Dataset excerpts:
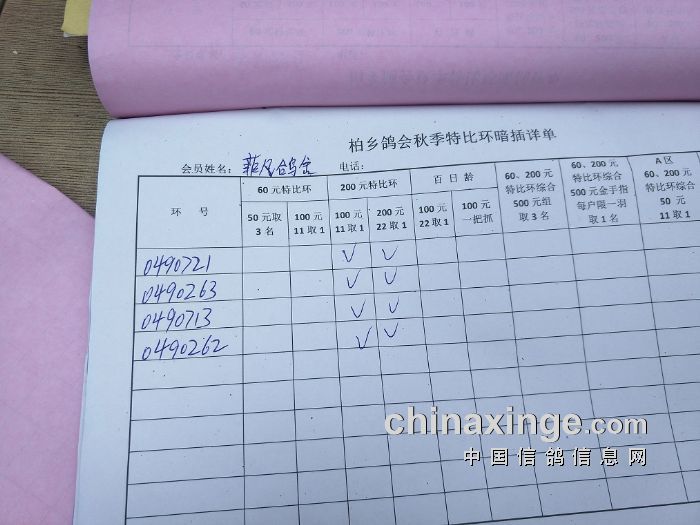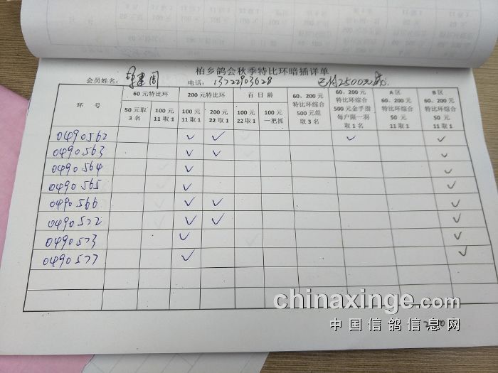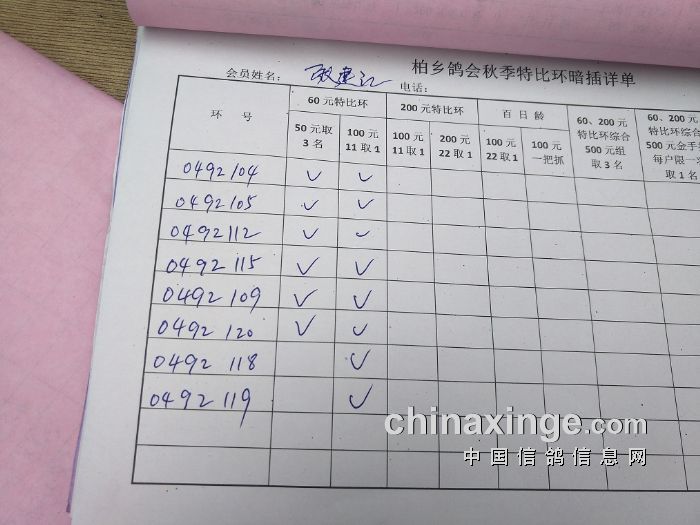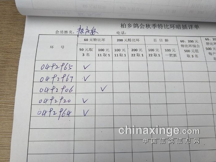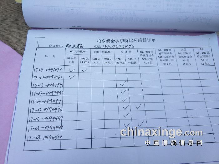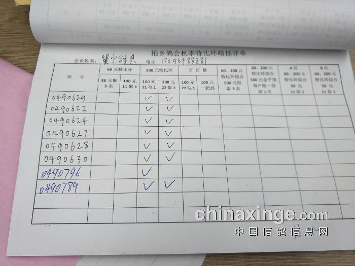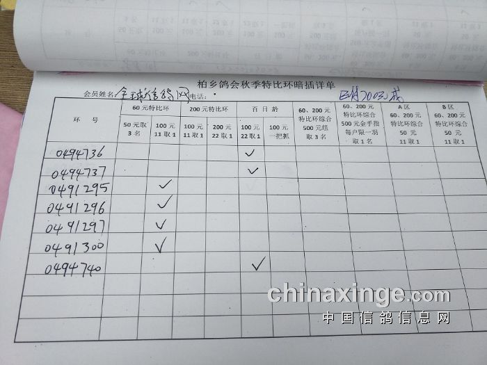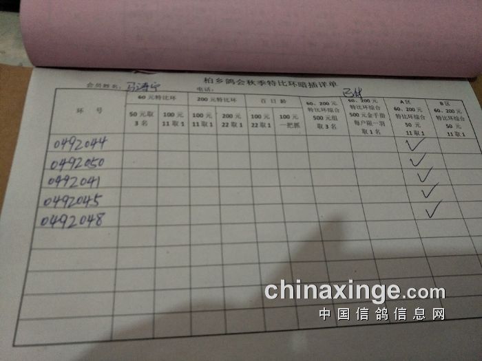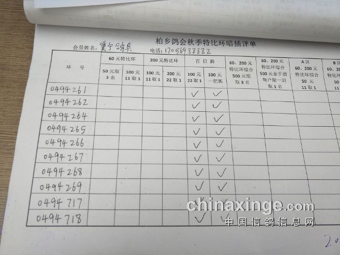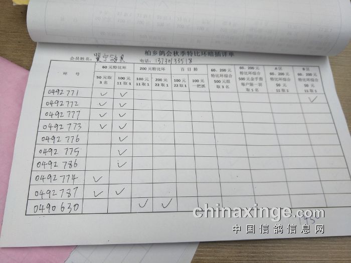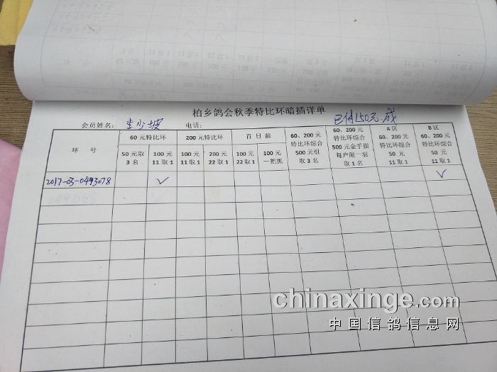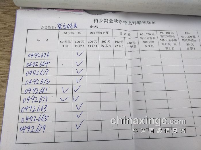 柏乡鸽会2017秋特比环暗插图片请鸽友核对,如有错误请及时联系鸽会13653391332。核对时间截止到8月25日晚上,届时将公布暗插羽数及奖金分配。
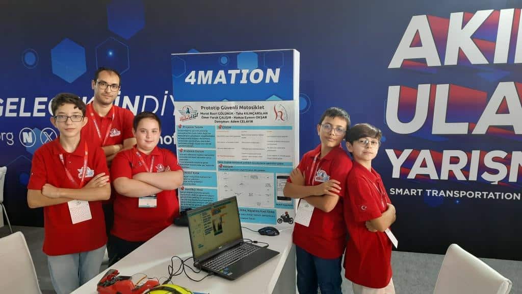 Bu değerli başarılarından dolayı öğrencilerimiz Murat Basri Gölünük, Taha Kılınçarslan, Hamza Eymen Okşar ve Ömer Faruk Çalışır ile projeye danışmanlık yapan Bilişim Teknolojileri Öğretmenimiz Adem Celayir’i tebrik ediyor, başarılarının devamını diliyoruz.
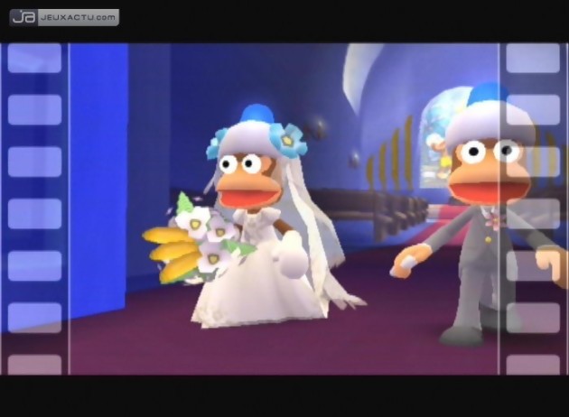 Dommage cependant, de devoir replonger une seconde fois dans chaque niveau pour capturer les quelques singes qui manquent à l’appel. En effet, en premier lieu le stage se clôture automatiquement une fois les trois-quarts des chimpanzés capturés. Il est donc obligatoire de refaire chaque stage pour récupérer les autres dissidents. Des insoumis qui, pour la petite histoire, se rebellent sous la houlette du démoniaque Specter, dont l’objectif n’est pas vraiment original puisque nous y faisons face chaque jour dans notre vie quotidienne : l’abêtissement télévisuel des masses. Un synopsis qui permet au jeu vidéo une énième singerie (tadam tzing !) envers les nombreuses images d’épinal du cinéma. On aura alors droit à quelques babouins grimés de façon rigolote, avec moult clins d’œil et parodies donc, mais comme d’habitude lorsque le jeu vidéo s’essaye au registre de la parodie cinématographique, ne vous attendez pas à un tas de subtilité ou à des mises en scènes particulièrement pertinentes. Allez, mention spéciale quand même pour la version simiesque de Ona Nobunaga, qui se plaint très judicieusement du fait qu’on le fasse toujours passer pour le méchant de l’histoire.
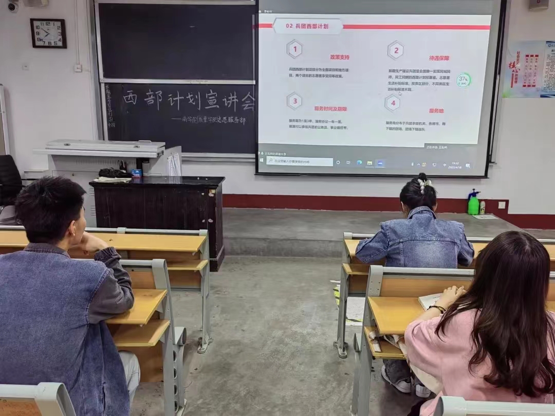 为进一步宣传大学生志愿服务西部计划项目,激发应届毕业生投身志愿服务的热情,引导和鼓励青年学子到西部扎根基层、投身实践,4月18日,永乐高131net(质量学院)于东校区1#517举办西部计划宣讲活动。部分应届毕业生和部分2021级、2022级学生参加了此次活动。
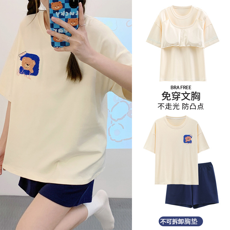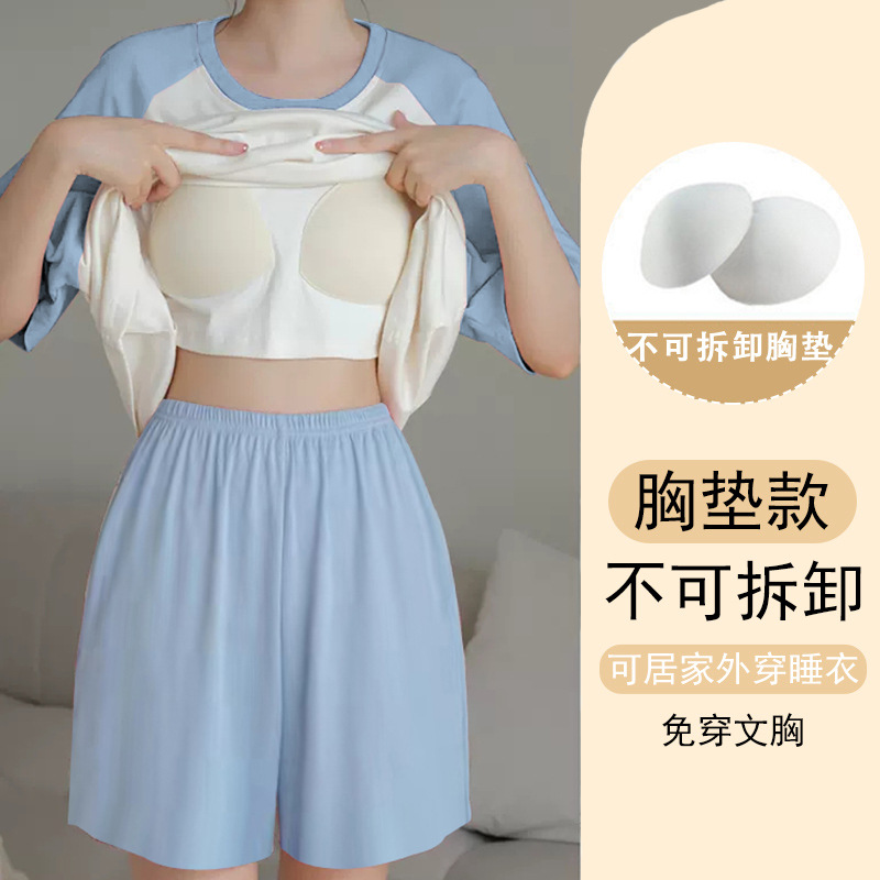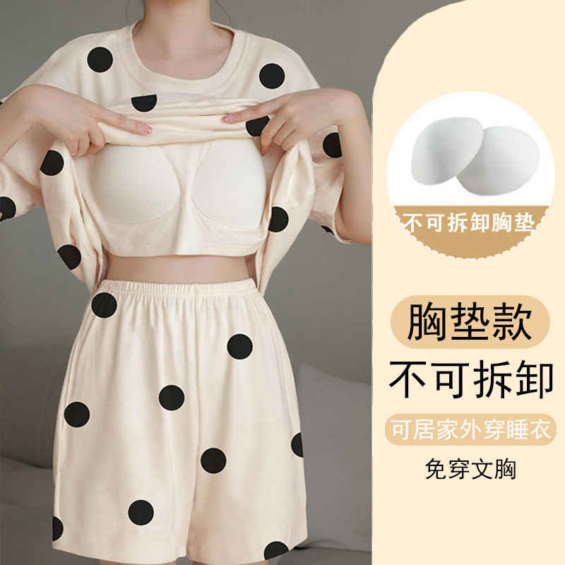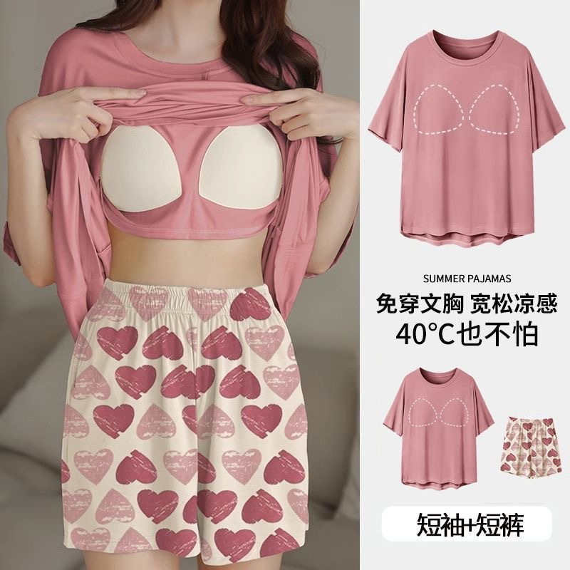 Главная страница > Трансграничные летние новые пижамы женские шорты с короткими рукавами с нагрудными подушками в полоску простой набор мультяшный домашний костюм
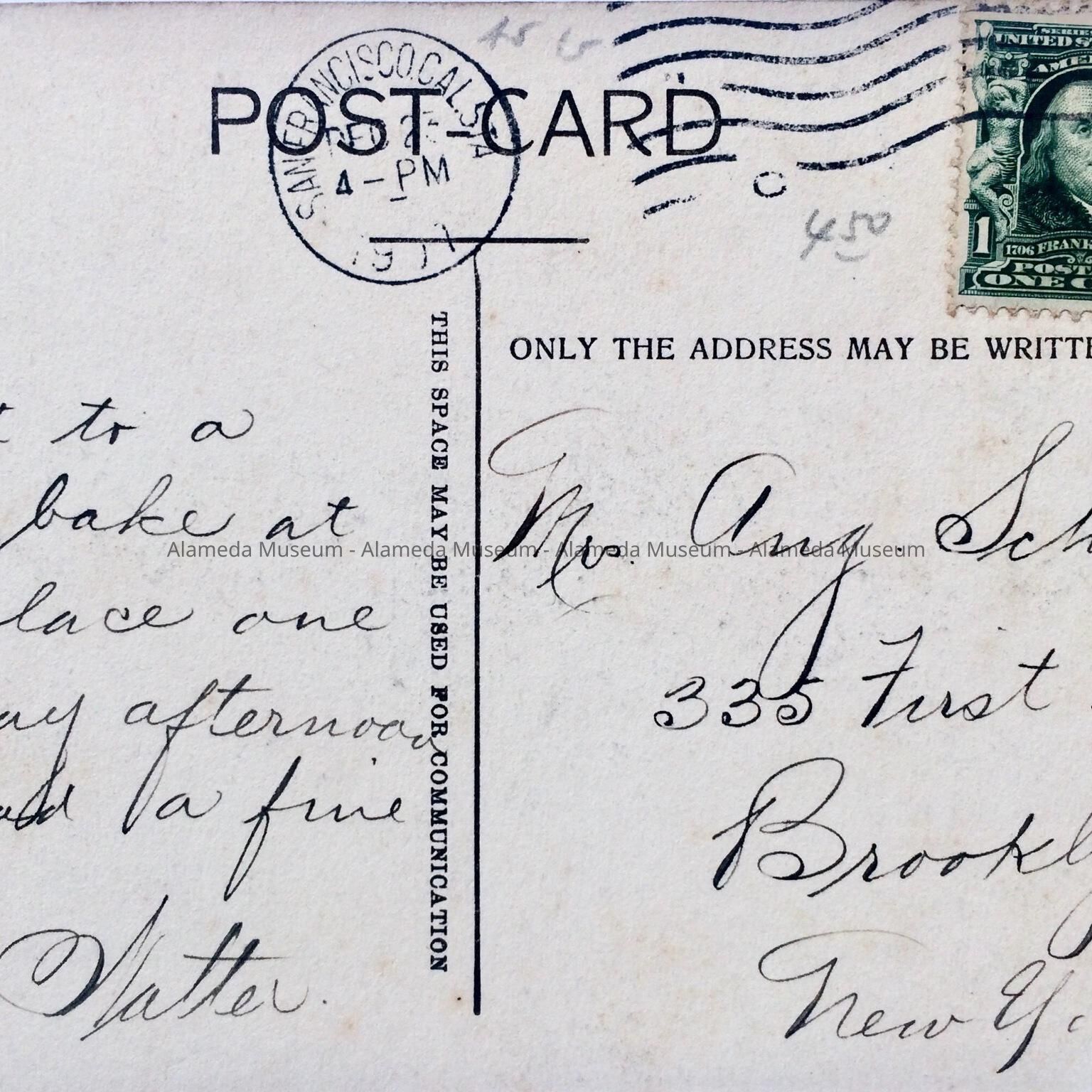 HISTORY OF OBJECT: POSTCARD DEPICTING THE BEACH, SUNNY COVE BATHS, ALAMEDA, CA.
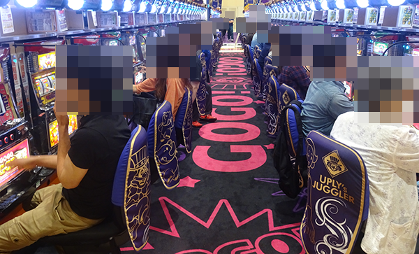 ジャグラーシリーズや「ヱヴァンゲリヲン~魂を繋ぐもの~」などのボーナスタイプにも空き台はほとんど見当たらず、にぎわいが大きい。

▶ _WHAT TO DO_: Retype the data shown above exactly, excluding any picture it contains.

▶ _EXERCISE SOLUTION_:
 柏乡鸽会2017秋特比环暗插图片请鸽友核对,如有错误请及时联系鸽会13653391332。核对时间截止到8月25日晚上,届时将公布暗插羽数及奖金分配。
 Bu değerli başarılarından dolayı öğrencilerimiz Murat Basri Gölünük, Taha Kılınçarslan, Hamza Eymen Okşar ve Ömer Faruk Çalışır ile projeye danışmanlık yapan Bilişim Teknolojileri Öğretmenimiz Adem Celayir’i tebrik ediyor, başarılarının devamını diliyoruz.
 Dommage cependant, de devoir replonger une seconde fois dans chaque niveau pour capturer les quelques singes qui manquent à l’appel. En effet, en premier lieu le stage se clôture automatiquement une fois les trois-quarts des chimpanzés capturés. Il est donc obligatoire de refaire chaque stage pour récupérer les autres dissidents. Des insoumis qui, pour la petite histoire, se rebellent sous la houlette du démoniaque Specter, dont l’objectif n’est pas vraiment original puisque nous y faisons face chaque jour dans notre vie quotidienne : l’abêtissement télévisuel des masses. Un synopsis qui permet au jeu vidéo une énième singerie (tadam tzing !) envers les nombreuses images d’épinal du cinéma. On aura alors droit à quelques babouins grimés de façon rigolote, avec moult clins d’œil et parodies donc, mais comme d’habitude lorsque le jeu vidéo s’essaye au registre de la parodie cinématographique, ne vous attendez pas à un tas de subtilité ou à des mises en scènes particulièrement pertinentes. Allez, mention spéciale quand même pour la version simiesque de Ona Nobunaga, qui se plaint très judicieusement du fait qu’on le fasse toujours passer pour le méchant de l’histoire.
 为进一步宣传大学生志愿服务西部计划项目,激发应届毕业生投身志愿服务的热情,引导和鼓励青年学子到西部扎根基层、投身实践,4月18日,永乐高131net(质量学院)于东校区1#517举办西部计划宣讲活动。部分应届毕业生和部分2021级、2022级学生参加了此次活动。
 Главная страница > Трансграничные летние новые пижамы женские шорты с короткими рукавами с нагрудными подушками в полоску простой набор мультяшный домашний костюм
 HISTORY OF OBJECT: POSTCARD DEPICTING THE BEACH, SUNNY COVE BATHS, ALAMEDA, CA.
 ジャグラーシリーズや「ヱヴァンゲリヲン~魂を繋ぐもの~」などのボーナスタイプにも空き台はほとんど見当たらず、にぎわいが大きい。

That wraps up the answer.